0x0030 - The Clock Problem - or Iteration over Various Base N Sets in a Cuda Coding Environment
The Clock Problem - or Iteration over Various Base N Sets in a Cuda Coding Environment
The simplest way to understand the Various Base N problem is explained in a question:
I have 1283812831 seconds. How many days, hours, minutes and seconds does this index at? Silence... Head scratcher isn't it??
Naturally most programmers gloss over this simply relying in the fact that languages like Python offer timedelta which will do the heavy lifting, look up a quick solution, write some inefficient bloatware and move on.
But in Cuda coding you will find that the equivalent of the clock problem will requiring solving all the time - so you have no choice but to know how to do this.
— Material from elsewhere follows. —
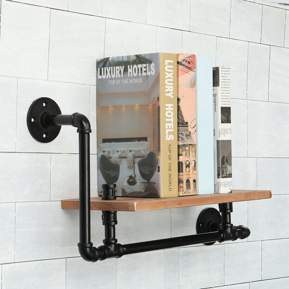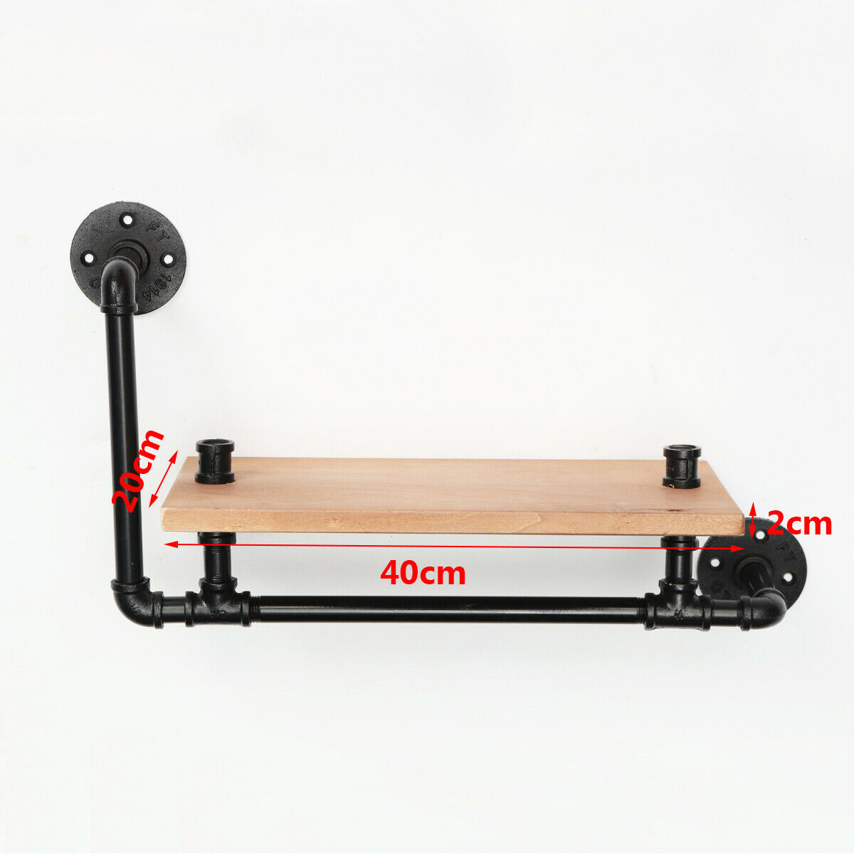 Industrial Pipe Wooden Wall Shelf Hanging Mounted Shelves Rustic Display Un
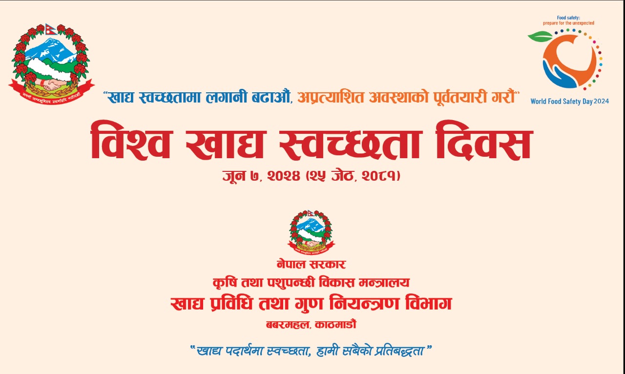 काठमाडौँ १८ जेठ खाद्य स्वच्छतामा लगानी बढाऔँ, अप्रत्याशित अवस्थाको पूर्व तयारी गरौँ” भन्ने नाराका साथ विश्व खाद्य स्वच्छता दिवस, २०८१ मनाउने तयारी भइरहेको खाद्य प्रविधि तथा गुण नियन्त्रण विभागले जनाएको...

Because you are dealing with Base-N type problems - consider the following problem example set:
- Cuda kernel will launch with 32 block x 32 threads (1024 total)
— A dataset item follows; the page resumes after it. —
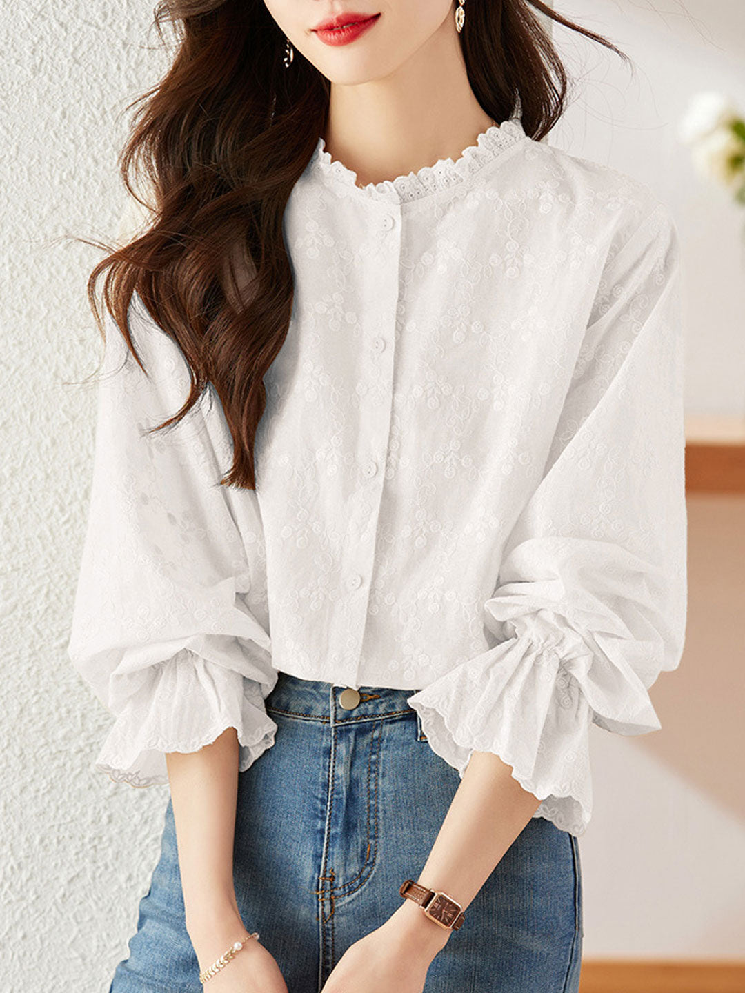 Molly Retro Flare Sleeve Lace Embroidered Shirt

- The A variable will range from 8 - 86 (78 Possibles)
- The B variable will range from 14-600 (586 Possibles)
- The C variable will range from 0.2 - 0.9 in 0.01 increments (70 Possibles)
- The D variable will range from 0.8 - 2.0 in 0.01 increments (120 Possibles)
We know we have 78 x 586 x 70 x 120 (383 million) possible permutations on the problem and our GPU will chunk out 1024 per iteration run.
Very similar to the BASE60 of seconds in a minute, BASE3600 seconds in a hour we have BASE76, BASE586.. etc.
We will double back and complete the clock problem and when we understand it - we can then solve the Cuda Base N problem, so:
I have 1283812831 seconds. How many days, hours, minutes and seconds does this index at? Silence... Head scratcher isn't it??
Our smallest unit of measurement is the second.
seconds in a minute = 60
seconds in a hour = 3600
seconds in a day = 86400
- Always work from the largest BASE(N) to the smallest.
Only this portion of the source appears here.